Sanatçının dikkat çeken çalışmaları, sadece estetik bir görsellik sunmakla kalmıyor, aynı zamanda derin bir toplumsal hafızaya da işaret ediyor. 6 Şubat 2023’te meydana gelen ve “asrın felaketi” olarak adlandırılan depremin ardından yıkılan Antakya kapıları, Sönmez’in tuvallerinde yeniden hayat buluyor.
Sönmez, özel bir teknikle yaptığı bu eserlerde kahveyi boya olarak kullanırken, aynı zamanda geçmişe, yuvaya, kayıplara ve dayanıklılığa dair izler de sürüyor.
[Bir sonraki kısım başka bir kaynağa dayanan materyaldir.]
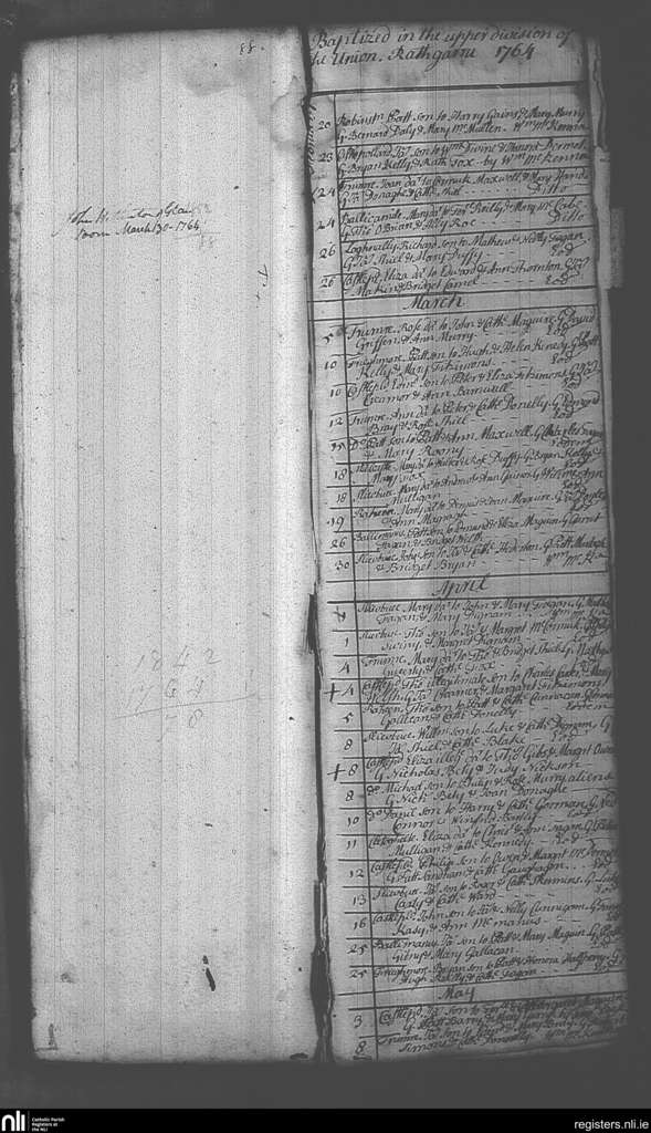 Castlepollard; County of Westmeath; Diocese of Meath. Baptisms, Feb. 1764 to May 1764

Sanatçı, “Antakya’nın taş kapılarında yankılanan sessizliğe ses olmak için resmediyorum” diyerek çalışmalarının amacını şöyle anlatıyor:“Sanatım, sadece bir estetik arayış değil; yuvaya, geçmişe, kayıplara ve dayanıklılığa uzanan bir hafıza çalışmasıdır. Antakya’nın taş evlerinin kapıları, artık ardında bir yaşam barındırmayan o yapılar, benim tuvallerimde yeniden hayat bulur. Depremle yitirdiğimiz yaşamların ve yok olan tarihi dokunun izlerini, bana ait olan karışık teknikle işlerim. Her fırça darbesiyle o taşların soğukluğunu değil, içlerinde barınan sıcak hikâyeleri anlatırım. Çünkü bu kapılar yalnızca bir geçiş değil; ardında çocukların oynadığı avlular, kahve kokan sabahlar, duvarlardaki gölgeler, anılarla dolu bir zamanın tanığıdır.”
Ressam Esra Sönmez’in eserlerinde yalnızca taş kapılar değil, bir halkın belleği, direnci ve kayıpları da saklı. Yıkılan evlerin geride kalan kapıları, onun sanatında ayakta kalan hafızalar olarak yeniden anlam kazanıyor. Eski dokulara hayat veren bu tablolar, izleyiciyi hem görsel hem duygusal bir yolculuğa çıkarıyor.